You drop your keys and valuables in a locker, walk through a scanner, and head down the yellow corridor as the door clangs shut. The smell of anger, fear, and disinfectant oozes from the walls. Visiting someone in jail is creepy. The good news is that you get to share a message of Jesus’ comfort with the person you are visiting, and the other good news is that you get to leave. Can you imagine what it would be like to be lose your freedom? If you are walking around thinking, “The sins of my past are so bad, that God will never forgive me,” you are stuck in the slavery of your guilt. If you burdened by thinking, “I have to do better to earn God’s favor and smile,” you’re stuck in the slavery of your save-myself ego. Jesus announces us, “The truth will set you free.” The truth is that God performed the greatest miracle of all time by declaring that, thanks to what Jesus did, we are free from the slavery of guilt and the pressure of trying to earn God’s approval. Listen to your Savior, “If the Son of God sets you free, you will be free indeed.” Rejoice with the Bible writer, “Though we were slaves, God has not deserted us in our bondage” (Ezekiel 9:9). Worship on Reformation Sunday is not designed to honor a man named Martin Luther but to honor Jesus, who proclaims, “I have won freedom for you, freedom from slavery to sin.”

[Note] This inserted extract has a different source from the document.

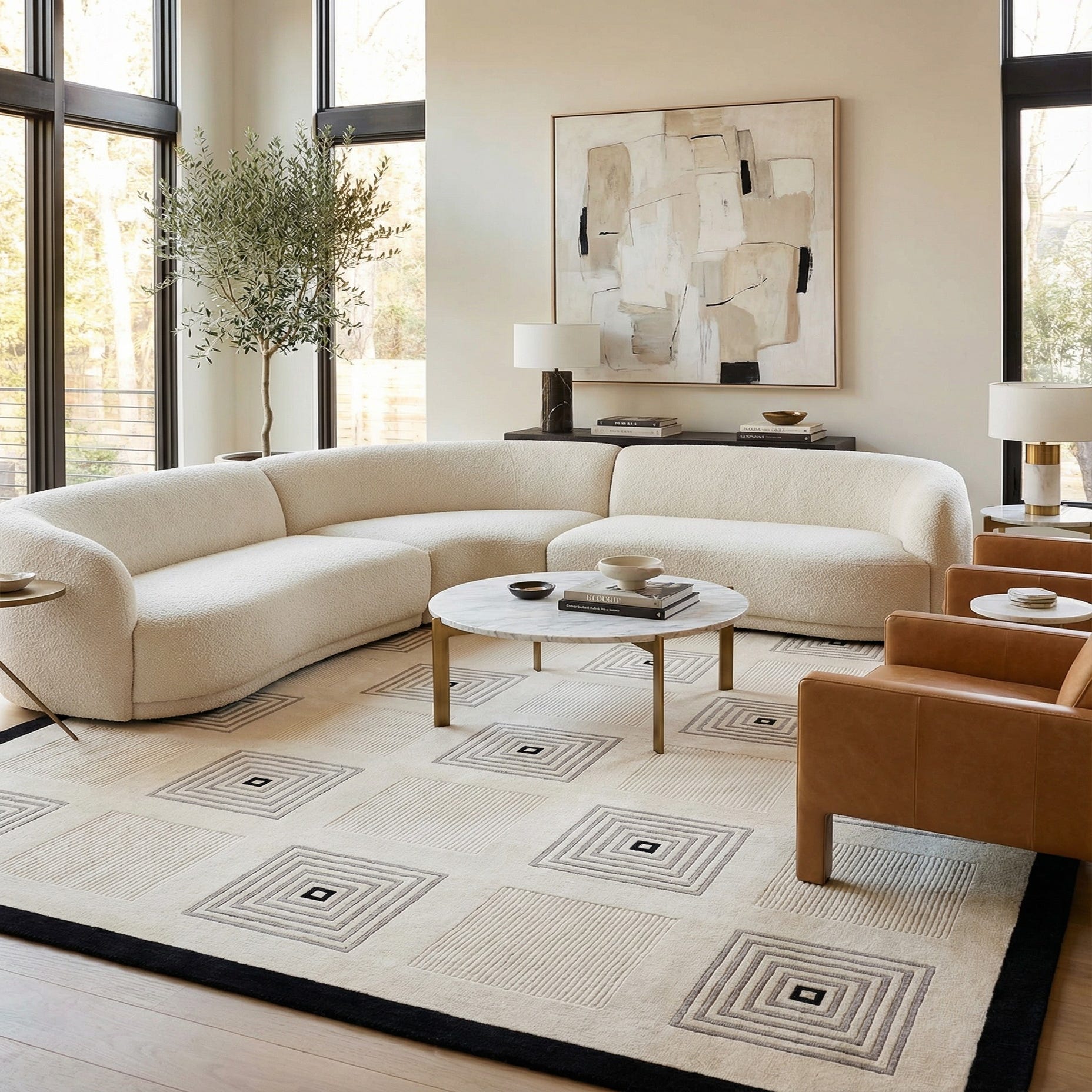 Primary color is Beige. Colors in this rug include: Beige, Black, Ivory, Tan, Silver.

More times than I can count, I have heard someone who heard that ask, “What’s to prevent people who believe that from going out and doing all kinds of bad stuff?” That’s what Martin Luther addressed in his debate statements nailed to the town bulletin board. He had seen a couple of his students teetering from misuse of alcohol and when they sobered up asked, “Why?” When they flashed the get-out-of-hell-free card they bought, he was incensed and wrote his debate statements proclaiming not only how we get freedom from slavery to sin but also that that powerful message changes us from the inside out.

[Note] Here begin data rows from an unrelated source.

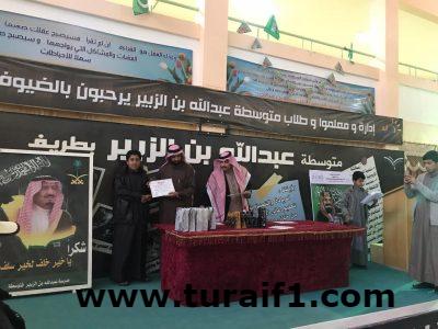 أقام قسم التوجية والإرشاد بمتوسطة عبدالله بن الزبير حفل تكريم الطلاب المتفوقين للعام الدراسي الماضي ١٤٣٨/١٣٩ اليوم الاثنين الموافق ١١/ ٣ /١٤٤٠ بحضور قائد المدرسة الأستاذ مزلوه بن جالي الرويلي ووكيلي المدرسة الأستاذ منور بن شحاذه الحازمي والأستاذ حمود فرحان الرويلي ورائد النشاط بالمدرسة الأستاذ ربيع الطرقي الرويلي و المرشد الطلابي الأستاذ محمد بن عبدالله الرويلي و قام قائد المدرسة الأستاذ مزلوه جالي الرويلي والمرشد الطلابي بتوزيع شهادات التقدير والجوائز على الطلاب المتفوقين متمنياً لهم دوام التوفيق والنجاح وفي الختام تم تكريم جميع طلاب التربية الخاصه.
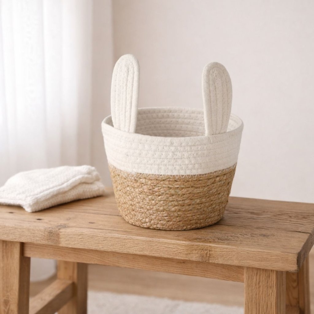 - Košík Nila s roztomilými ušisky je stylovým a hravým doplňkem, který okamžitě upoutá pozornost. Přírodní pletený materiál působí lehce a útulně, díky čemuž se košík hodí do interiéru i jako velikonoční dekorace.
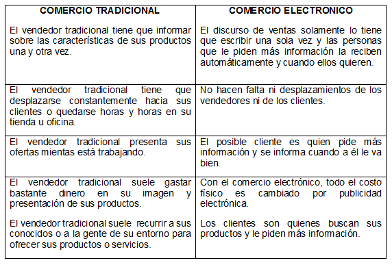 1. Realizar la lectura ‘Comercio Electrónico’, y los documentos presentados, para establecer cinco diferencias entre el comercio tradicional y el E-commerce.
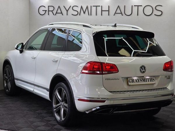 // Finance available // Best part-exchange price guaranteed // Extended warranties available //, Wow! Graysmith Autos proudly presents this HPI clear, Volkswagen Touareg R-Line Plus in timeless classic white a truly stunning example of luxury SUV motoring. This vehicle has very low mileage, a full service history, and is fully ULEZ compliant, offering the perfect combination of performance, refinement, and practicality. Every detail of this Touareg exudes quality and sophistication, from its commanding road presence to its premium interior. The specification is nothing short of exceptional, including:, Sliding panoramic roof with electric sun blind, 360 camera system, Front and rear parking sensors, Heated leather seats with electric adjustment, Heated steering wheel, Satellite navigation, Bluetooth & DAB radio, Cruise control, Automatic headlights and rain-sensing wipers, Power-operated electric tailgate, At Graysmith Autos, we take pride in offering cars prepared to the highest standards. Our fully equipped workshop, staffed by highly trained technicians, ensures every vehicle leaves us mechanically sound and road-ready. We offer a hassle-free, no-questions-asked warranty service as standard with all our vehicles. Enjoy a comfortable and convenient car-buying experience with indoor showroom viewings available in all weather conditions. Cant make it to our showroom? No problem! We sell cars unseen with delivery available nationwide. For your peace of mind, we can provide detailed videos of our vehicles to help you make an informed decision from the comfort of your home. Reserve your dream car today with our fully refundable reservation service, which takes the car off the market until your viewing. VIEWING BY APPOINMENT ONLY contact us to book your visit, request a video, or learn more. Call us today to find your perfect car!

The change is so radical, so one-hundred-and-eighty-degrees different from what was inside of us when we were born! It changes, “I-can-do-what-I-want” into “I-can-do-what-others-want,” and “I-can-do-whatever-makes-me-happy” into “I-can-do-whatever-makes-others-happy,” and “I-can-do-whatever-makes-me-look-good” into “I-can-do-whatever-makes-others-look-good,” which is exactly what we pastors heard and saw the after the tragedy two-plus weeks ago. Everyone we heard from expressed, yes, shock and sadness, then comfort in Jesus’ gift of eternal life, and “How can I help? What can I do?”

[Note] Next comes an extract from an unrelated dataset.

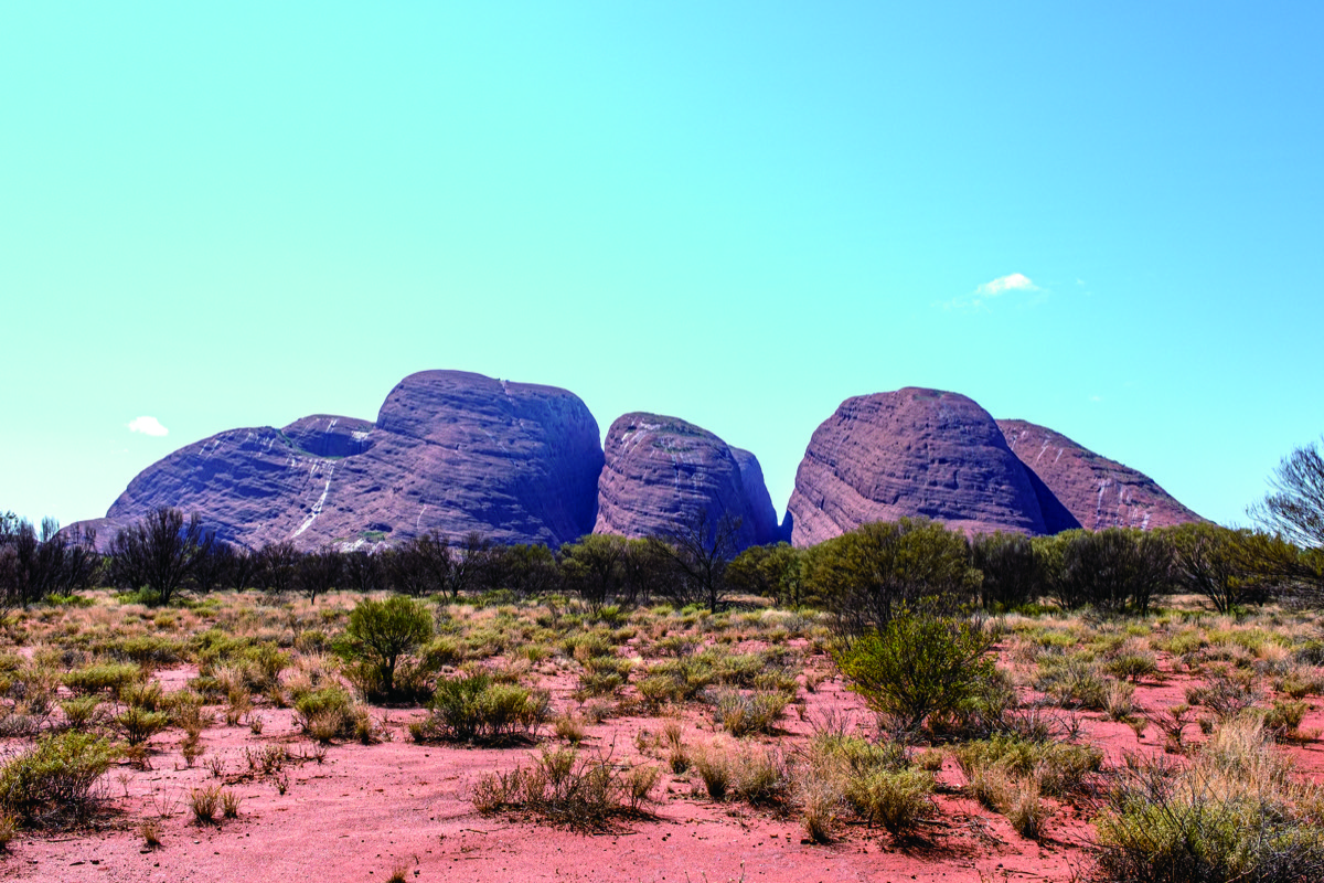 ウルルに隣接したもうひとつの神秘的な聖地が「カタ・ジュタ」だ。ウルルから西に約30kmの場所にあり、以前はマウント・オルガの名で呼ばれていたこの地は、36の巨大な岩のドームが連なる壮大な景観が圧倒的だ。

The apostle Paul wrote, “Do not be burdened again by a yoke of slavery” and “Do not use your freedom to indulge the sinful nature; rather, serve one another in love” (Galatians 5:1,13). I know that’s what you have been striving to do in your life, and you want to do that more. You can because God is going to give you the spiritual muscles to do it, which is what we celebrate today. Worship on Reformation Sunday is not designed to honor a man named Martin Luther but to honor Jesus, who proclaims, “I have won freedom for you, freedom from slavery to sin and freedom for service.” Live your life in that freedom! Amen.